The entries must be set down again word for word; no pictures belong in the copy.
»»
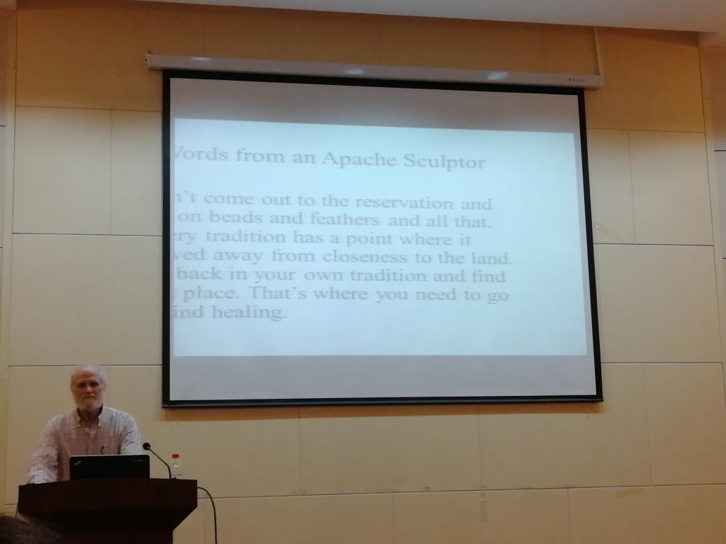 最后Conrad Shumaker教授运用阿帕奇雕刻家的话结束了这场讲座:不要试图戴着印第安土著居民的装扮到他们的地方寻求疗愈。每一种传承都有一个起点,人们从那里出发慢慢远离故土走向更好的未来。去寻找并回到那个起点,那才是能治愈人们的地方。这简单的一句话,给了广大师生很大的感悟与启发。(撰稿:李一然)
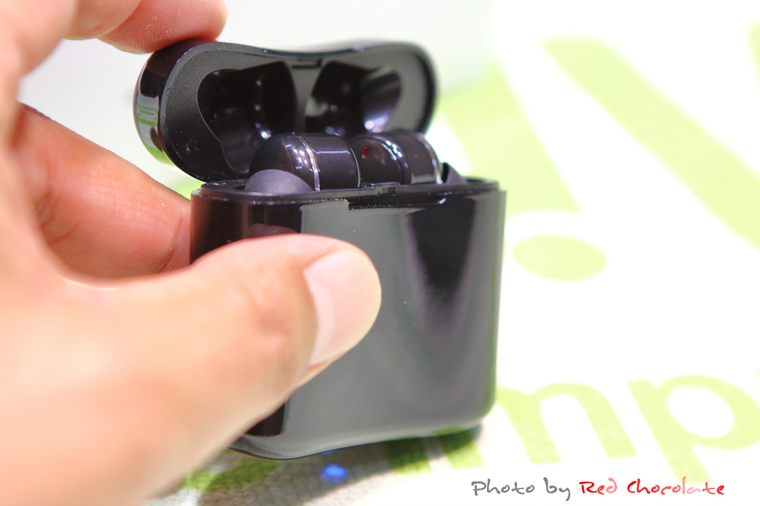 이어버드 표시등에 빨간등이 켜진다... 충전이 완료되면 표시등은 소등된다...
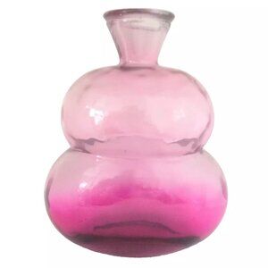 This incredible piece is an ombre cranberry color in good condition for its age. It has dents and bubbles which are indicative of hand blown glass. I believe it was made in the 1970s in Spain. The design is very Mid Century Modern. I have no stopper though this makes a beautiful vase or standalone art piece. It is very heavy and weighs nearly 5 pounds. The approximate measurements are 11.25" tall, 8.5" at the widest point and 4.5" deep.
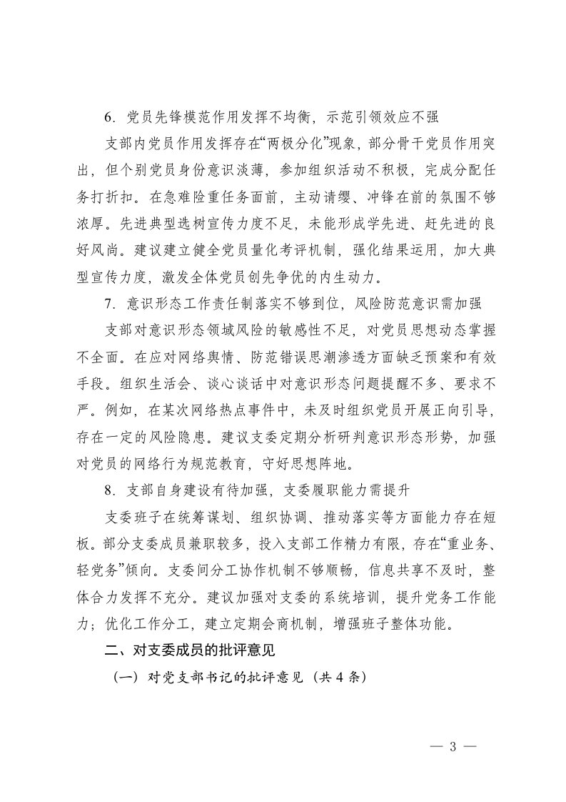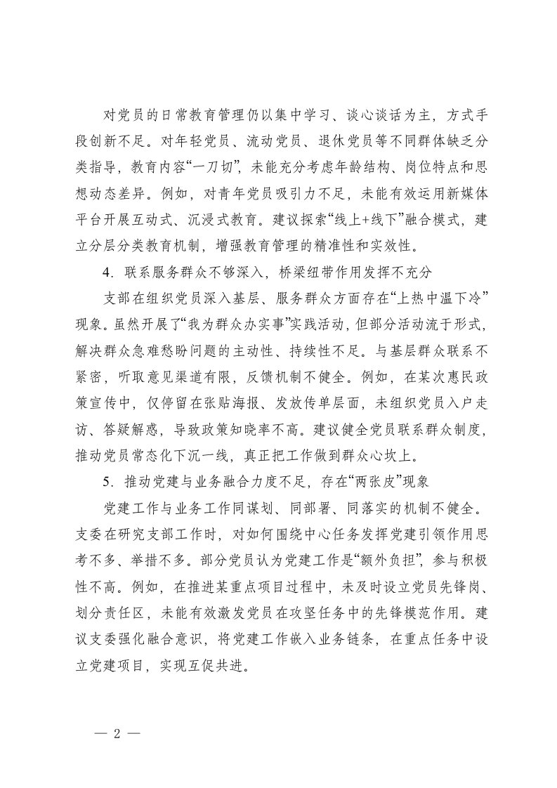 标题:2025年-2026度组织生活会对党支部及支委成员的批评意见2篇
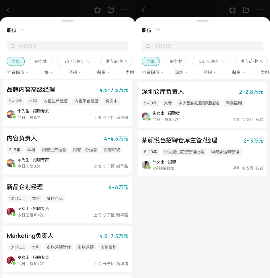 近日,BOSS直聘信息显示,茶颜悦色正在上海、深圳开启岗位招聘。在上海,茶颜悦色以4.5万~7.5万元的月薪招聘Marketing(市场)负责人,4.5万~7.5万元的月薪招聘品牌内容高级经理;在深圳,茶颜悦色以2万~3万元的月薪招聘仓库主管与经理、2万~2.8万的月薪招聘仓库负责人。
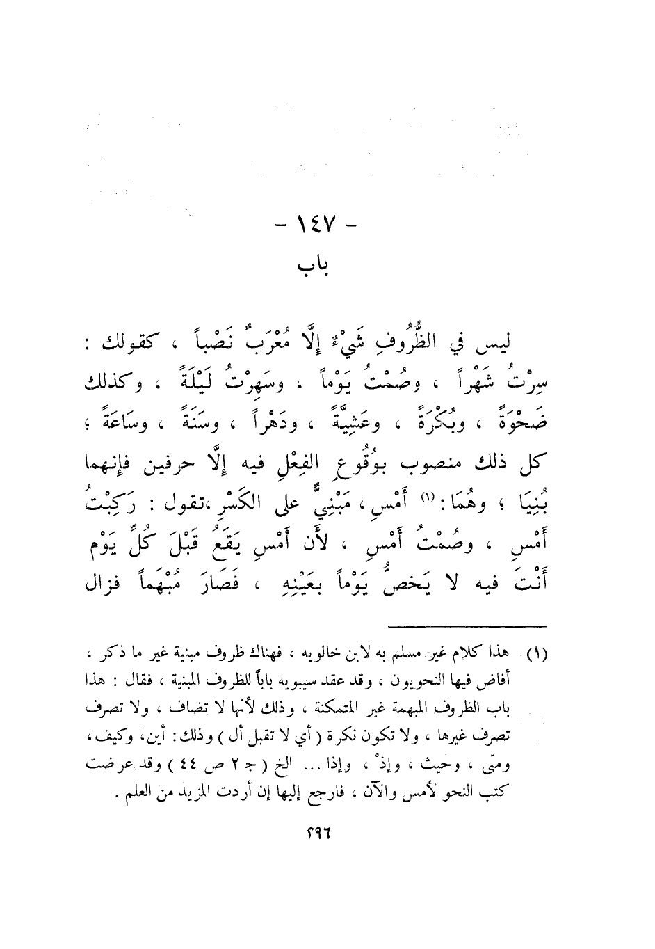 ليس في الظروف شيء إلا معرب نصبا، كقولك: سرت شهرا، وصمت يوما، وسهرت ليلة، وكذلك ضحوة، وبكرة، وعشية، ودهرا، وسنة، وساعة، كل ذلك منصوب بوقوع الفعل فيه إلا حرفين فإنهما بنيا؛ وهما: أمس، مبني على الكسر تقول: ركبت أمس، وصمت أمس، لأن أمس يقع قبل كل يوم أنت فيه لا يخص يوما بعينه، فصار مبهما فزال
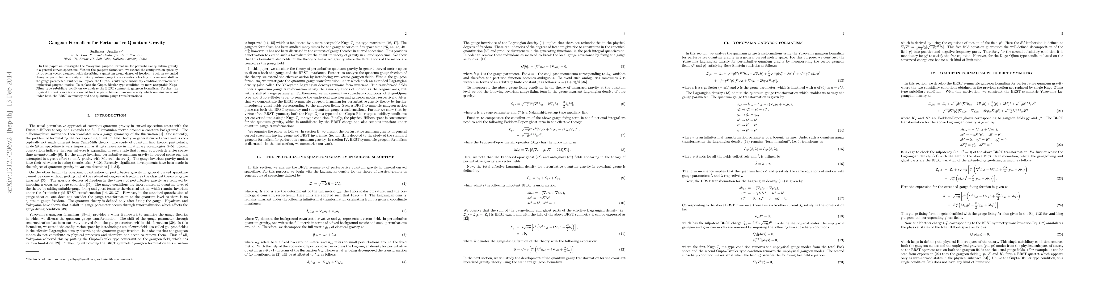This paper explores the Yokoyama gaugeon formalism for perturbative quantum gravity in curved spacetime, introducing gaugeon fields to manage quantum gauge degrees of freedom. It constructs a physical Hilbert space invariant under BRST symmetry and quantum gauge transformations, ultimately replacing the Gupta-Bleuler condition with the Kugo-Ojima subsidiary condition.
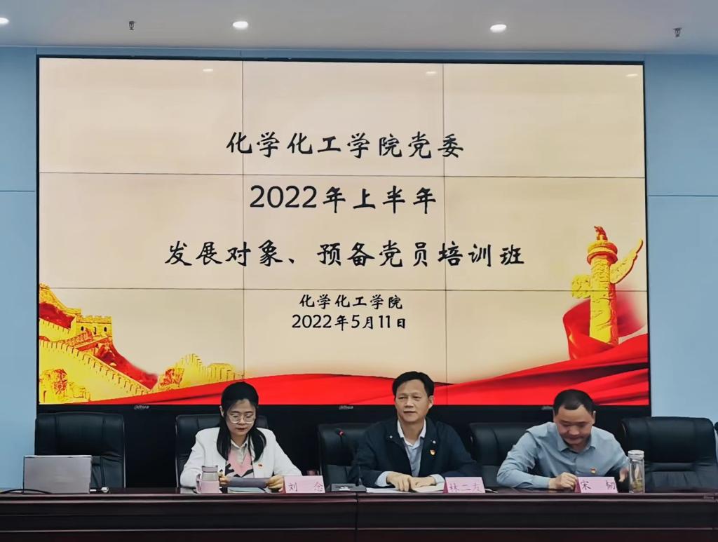 为加强对党员发展对象的教育培训,进一步明确发展对象的入党动机,增强理想信念,2022年5月11日下午15:00,化学化工学院召开2022年上半年发展对象(校第195期)及预备党员培训班,化学化工学院党委书记林二友、材料科学与工程学院党委书记宋韧、化学化工学院党委副书记刘念出席开班仪式。
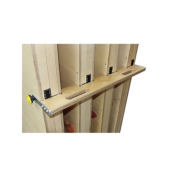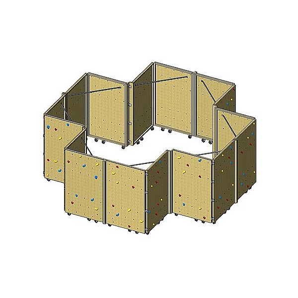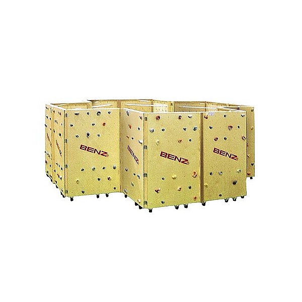 The mobile Boulder wall for training and Schulbereich.16 wall elements 200 cm high, 120 cm wide, with cm in a grid of 25 x 25 drilled threaded sleeves for climbing holds. The bores are arranged so as to climb over is restricted. Each climbing element is equipped with brake rollers. The facility has a footprint of 550 x 550cm.
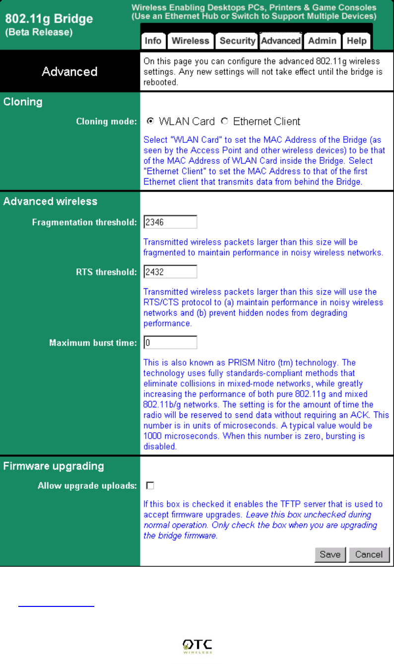 OTC Wireless WEA11G03682 802.11g Wireless Ethernet Adapter User Manual ACR AG UG
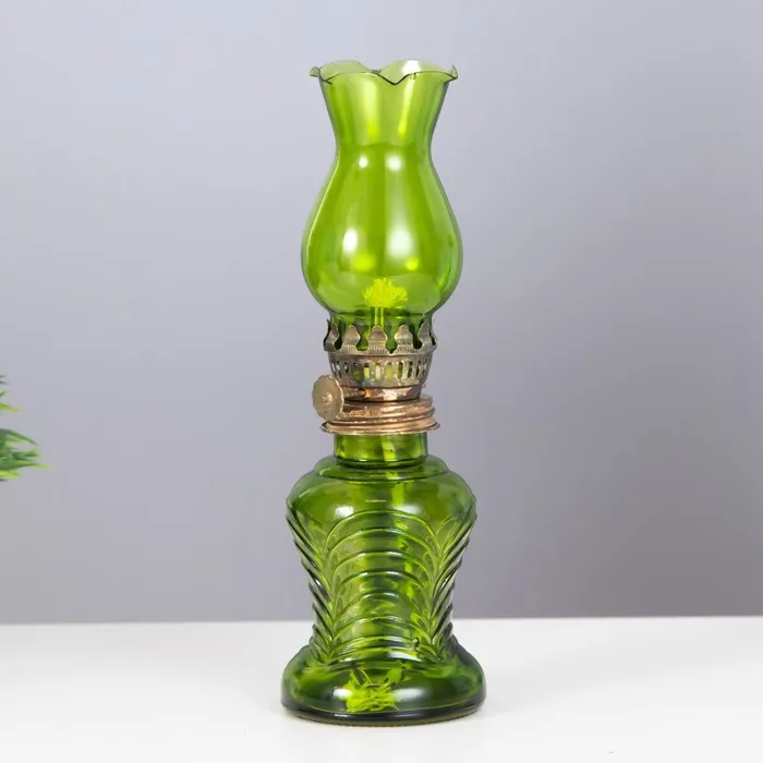 Декоративная керосиновая лампа зелёного цвета от «RISALUX» станет стильным дополнением вашего интерьера. Эта изысканная модель без плафонов выделяется своей прозрачностью и нестандартной формой. В основе её дизайна лежит стекло, которое придаёт лампе лёгкость и элегантность.
««
• Solution for this problem:
 最后Conrad Shumaker教授运用阿帕奇雕刻家的话结束了这场讲座:不要试图戴着印第安土著居民的装扮到他们的地方寻求疗愈。每一种传承都有一个起点,人们从那里出发慢慢远离故土走向更好的未来。去寻找并回到那个起点,那才是能治愈人们的地方。这简单的一句话,给了广大师生很大的感悟与启发。(撰稿:李一然)
 이어버드 표시등에 빨간등이 켜진다... 충전이 완료되면 표시등은 소등된다...
 This incredible piece is an ombre cranberry color in good condition for its age. It has dents and bubbles which are indicative of hand blown glass. I believe it was made in the 1970s in Spain. The design is very Mid Century Modern. I have no stopper though this makes a beautiful vase or standalone art piece. It is very heavy and weighs nearly 5 pounds. The approximate measurements are 11.25" tall, 8.5" at the widest point and 4.5" deep.
 标题:2025年-2026度组织生活会对党支部及支委成员的批评意见2篇
 近日,BOSS直聘信息显示,茶颜悦色正在上海、深圳开启岗位招聘。在上海,茶颜悦色以4.5万~7.5万元的月薪招聘Marketing(市场)负责人,4.5万~7.5万元的月薪招聘品牌内容高级经理;在深圳,茶颜悦色以2万~3万元的月薪招聘仓库主管与经理、2万~2.8万的月薪招聘仓库负责人。
 ليس في الظروف شيء إلا معرب نصبا، كقولك: سرت شهرا، وصمت يوما، وسهرت ليلة، وكذلك ضحوة، وبكرة، وعشية، ودهرا، وسنة، وساعة، كل ذلك منصوب بوقوع الفعل فيه إلا حرفين فإنهما بنيا؛ وهما: أمس، مبني على الكسر تقول: ركبت أمس، وصمت أمس، لأن أمس يقع قبل كل يوم أنت فيه لا يخص يوما بعينه، فصار مبهما فزال
This paper explores the Yokoyama gaugeon formalism for perturbative quantum gravity in curved spacetime, introducing gaugeon fields to manage quantum gauge degrees of freedom. It constructs a physical Hilbert space invariant under BRST symmetry and quantum gauge transformations, ultimately replacing the Gupta-Bleuler condition with the Kugo-Ojima subsidiary condition.
 为加强对党员发展对象的教育培训,进一步明确发展对象的入党动机,增强理想信念,2022年5月11日下午15:00,化学化工学院召开2022年上半年发展对象(校第195期)及预备党员培训班,化学化工学院党委书记林二友、材料科学与工程学院党委书记宋韧、化学化工学院党委副书记刘念出席开班仪式。
 The mobile Boulder wall for training and Schulbereich.16 wall elements 200 cm high, 120 cm wide, with cm in a grid of 25 x 25 drilled threaded sleeves for climbing holds. The bores are arranged so as to climb over is restricted. Each climbing element is equipped with brake rollers. The facility has a footprint of 550 x 550cm.
 OTC Wireless WEA11G03682 802.11g Wireless Ethernet Adapter User Manual ACR AG UG
 Декоративная керосиновая лампа зелёного цвета от «RISALUX» станет стильным дополнением вашего интерьера. Эта изысканная модель без плафонов выделяется своей прозрачностью и нестандартной формой. В основе её дизайна лежит стекло, которое придаёт лампе лёгкость и элегантность.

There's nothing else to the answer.